A few non-obvious things that bit me while building this out — worth knowing if you copy the script.

code CLI on PATH before running. The script tries code --install-extension Continue.continue. If you haven't run VS Code's Shell Command: Install 'code' command in PATH from Cmd+Shift+P yet, the script prints a warning and you have to re-run after fixing.

Window reload after extension install. After code --install-extension puts Continue on disk, Cmd+L doesn't work in an already-open VS Code window — the extension is installed but not activated. Cmd+Shift+P → Developer: Reload Window fixes it. Or quit and reopen. The Activity Bar icon and Cmd+L both wake up after the reload.

Bash 3.2 + UTF-8 ellipsis = an unbound-variable nightmare. macOS still ships bash 3.2 as /bin/bash for license reasons. With set -u, this line:

echo_step "Ensuring Ollama API is reachable at $OLLAMA_HOST…"

aborts the script with OLLAMA_HOST?: unbound variable. The ? is bash's error formatter mangling the UTF-8 bytes of the ellipsis character (U+2026, three bytes \xe2\x80\xa6) when it complains about the variable name. The parser slurped those bytes into the variable name and looked up OLLAMA_HOST\xe2\x80\xa6, which is unbound. The fix is to brace the variable so the parser sees a hard boundary:

echo_step "Ensuring Ollama API is reachable at ${OLLAMA_HOST}…"

I now grep my own scripts for \$[A-Za-z_][A-Za-z_0-9]*… after writing them. (Or upgrade to bash 5 via Homebrew. Either works.)

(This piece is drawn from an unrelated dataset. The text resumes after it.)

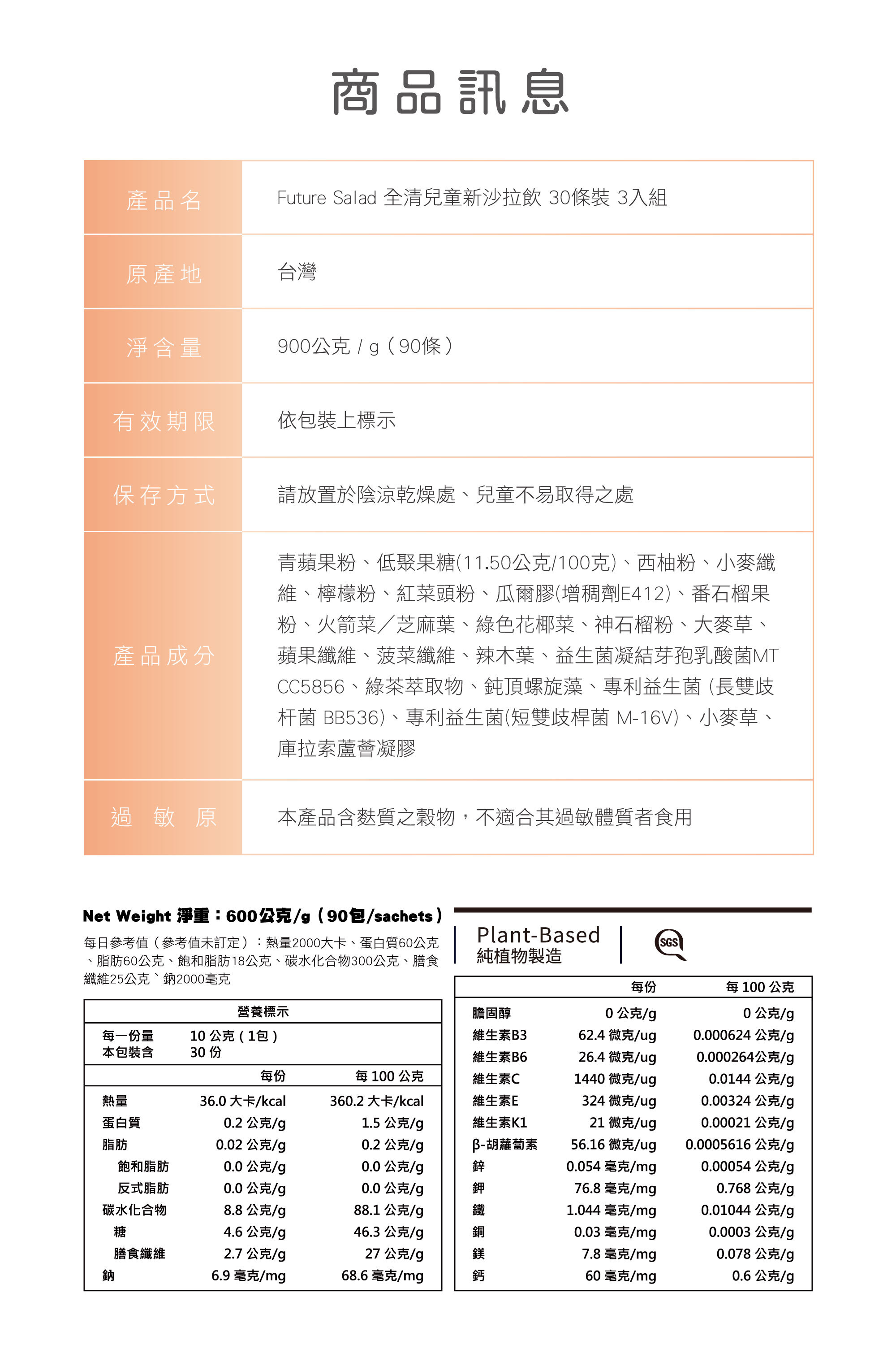 商品內容物:全清兒童新沙拉飲 30條裝3入組,共90條(不含玻璃水瓶)

Tag normalization. ollama list always shows an explicit tag, so nomic-embed-text:latest. The script's array has "nomic-embed-text" with no tag. An grep -Fxq exact match misses, the script "re-pulls" (Ollama dedupes layers, so it's effectively instant, but the log message is misleading). The fix is one line:

expected="$model"
[[ "$model" == *:* ]] || expected="${model}:latest"

What I'd add next

Things I'm experimenting with but didn't bake into the default script:

Adding any of these is one line in LLM_MODELS and a re-run — the script is built for that.

Try it

One-shot install
$ git clone https://github.com/marchildmann/IDS-Scripts.git
$ cd IDS-Scripts
$ ./mac_setup_llm.sh

About 15 GB of model downloads on first run; subsequent re-runs take seconds. The script tells you exactly which step it's on (and what was preserved vs. regenerated), and the final summary prints the URLs, models, shortcuts, and a daily-workflow cheatsheet.

Three commands and your Mac is talking to itself about code. Not a bad way to spend a coffee.